The wig nods. Laying down a pen on a desk, wrapping a hand around a black gown, gazing once more at his principal witness in her gingham-checked dress and her lambswool cardigan, the suntanned prosecutor opens his mouth and says:
— So you met the defendant about two years and two months ago?
— Yes. In a bookshop
— And you began … dating, soon after that?
— Yes
Dating? Patrick twitches, feels the horrible triteness of the word. He and Rebecca never dated …
— And how long after that did your relationship begin?
— A couple of … weeks. Maybe three …
— You were at college at the time?
— Yes. King’s College. London University. I still am
— What are you are studying?
— History. The Crusades
— And you are doing – The prosecutor looks at his file for a fact already, quite obviously, in his head – A PhD, yes?
— A doctorate, yes
— And your bachelor’s degree, from Edinburgh University – His eyes lifting – What was that in?
Rebecca shrugs:
— Art History
— And you – Gregory pauses, half smiles – took first-class honours in that, am I right?
— Yes
With a slight turn of the body towards the jury the prosecutor pauses to let this important fact take root, then says:
— OK. Now, fairly soon after this, as I understand …

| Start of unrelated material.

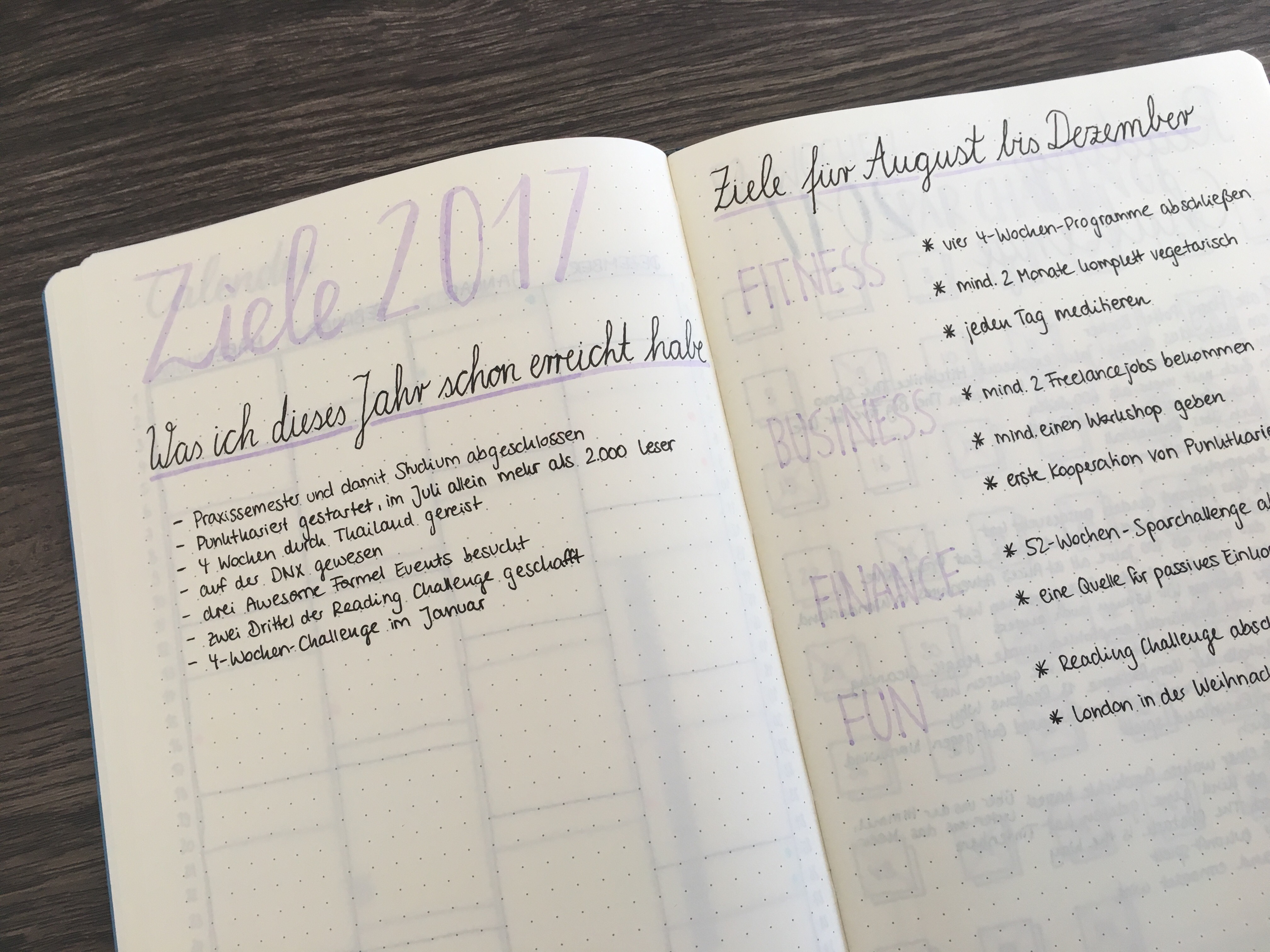 Wie gesagt: Ich liebe es, ein neues Bullet Journal zu starten! Dieses Mal habe ich den Wechsel sogar dazu genutzt, meine Ziele für 2017 zu überarbeiten bzw. an die restlichen Monate anzupassen.

And so it goes on. As Patrick sits in the dock and tries not to stare, hard, at Rebecca, at the side of her blonde head, Rebecca is asked to describe the inception and genesis of their relationship: from the first meeting, the first date, the first sex. As she sees it; as she saw it.
— I was seeing someone else but you see
— We went to a restaurant and we
— He was older than me so I
And during this litany Patrick has to admit, despite himself, that his lying cow of an ex looks surprisingly sweet, trembly and believable in the witness box. Surprisingly young, fresh, and betrayed. And raped. And in turn Patrick feels cheated, intrigued, guilty, scandalised, stressed-out, odd and libidinous. Not least because of Rebecca’s get-up. Obviously she is wearing the schoolgirly dress as a deliberate move; self-evidently she chose the pale cardigan, unheeled sixth-former shoes, and the throat-exposing hairstyle this very morning – in a deliberate attempt to gain sympathy, as self-conscious props designed to assist her in her role as the wronged adolescent, the abused child-bride. Yet Patrick still has to admit to himself: the ensemble works. At least: it works for him. Looking at her looking all schoolgirly and vulnerable, gamine and young and quite-possibly-raped-a-year-ago, Patrick wants nothing so much as to take Rebecca into the Old Bailey toilets and press her pleading face against the cold Edwardian tiling, hard.
— He was in the music business. He ran nightclubs and groups …
— I’d never really fallen for someone like him before
— I found him interesting and
Stuck in the dock Patrick wonders. As he watches his ex-girlfriend do her evidence in chief, he has to ponder how well she is going down. How well is she going down? If he were in the jury box, the visitors’ gallery, what would he see here in this pale-wood-panelled Old Bailey courtroom? Would he see a farce, or a tragedy? Or would he nip to the pub instead? Would he just dawdle a while and listen to Rebecca and then turn to a mate and say – oh forget it, this bastard’s going down. Boring.
And what precisely would he think of Rebecca? Would he empathise? Be repulsed? Find himself moved? Would he be touched by the pale rapeable baby pink of her lambswool cardigan? Or be appalled by this lying whore of a Jewess lisping her ex-lover into court?
— So you became lovers when?
— … On the fourth or fifth time
— That’s mid-June?
— Yes … I think so … it’s … – Rebecca lifts her blonde head and gazes frankly at the counsel – Difficult to be specific
— We understand, Miss Jessel, we don’t need actual dates
— I wish I could be more accurate … – She tilts her head and looks young – It’s a bit … you know …
At this the whole court seems to nod in sympathy; even Patrick feels himself nod sympathetically, too. It is. She’s right. It’s … a bit … you know.